(Data records)
------------
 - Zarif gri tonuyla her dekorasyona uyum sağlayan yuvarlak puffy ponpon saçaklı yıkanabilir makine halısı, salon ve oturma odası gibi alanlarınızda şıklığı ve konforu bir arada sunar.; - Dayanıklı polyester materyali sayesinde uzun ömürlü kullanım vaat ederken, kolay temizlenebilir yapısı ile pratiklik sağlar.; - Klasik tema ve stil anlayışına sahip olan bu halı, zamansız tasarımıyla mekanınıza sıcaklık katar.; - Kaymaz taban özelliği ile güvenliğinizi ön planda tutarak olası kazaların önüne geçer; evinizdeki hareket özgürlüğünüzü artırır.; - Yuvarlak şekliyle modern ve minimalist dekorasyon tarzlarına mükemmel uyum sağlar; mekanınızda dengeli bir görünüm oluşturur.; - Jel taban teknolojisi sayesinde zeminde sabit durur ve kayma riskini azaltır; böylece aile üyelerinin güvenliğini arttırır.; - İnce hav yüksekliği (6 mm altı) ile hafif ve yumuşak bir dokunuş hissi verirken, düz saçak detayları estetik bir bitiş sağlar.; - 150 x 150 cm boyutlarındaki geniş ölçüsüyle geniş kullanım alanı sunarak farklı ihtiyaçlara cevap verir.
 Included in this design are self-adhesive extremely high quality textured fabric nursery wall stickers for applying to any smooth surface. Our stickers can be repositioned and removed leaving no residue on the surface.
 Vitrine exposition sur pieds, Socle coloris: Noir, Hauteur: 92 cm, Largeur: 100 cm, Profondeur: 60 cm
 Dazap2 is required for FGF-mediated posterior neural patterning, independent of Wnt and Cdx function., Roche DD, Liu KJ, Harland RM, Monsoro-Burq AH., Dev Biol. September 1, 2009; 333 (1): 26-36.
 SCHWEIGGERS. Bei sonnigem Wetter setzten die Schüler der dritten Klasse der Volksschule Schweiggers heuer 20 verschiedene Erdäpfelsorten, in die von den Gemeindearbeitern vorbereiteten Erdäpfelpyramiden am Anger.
------------
Directions for this task:
From the entries above, restate word for word the lines from the line containing "Vitrine exposition sur" to the line containing "Dazap2 is required", both ends included, and nothing more.

Answer box:
 Vitrine exposition sur pieds, Socle coloris: Noir, Hauteur: 92 cm, Largeur: 100 cm, Profondeur: 60 cm
 Dazap2 is required for FGF-mediated posterior neural patterning, independent of Wnt and Cdx function., Roche DD, Liu KJ, Harland RM, Monsoro-Burq AH., Dev Biol. September 1, 2009; 333 (1): 26-36.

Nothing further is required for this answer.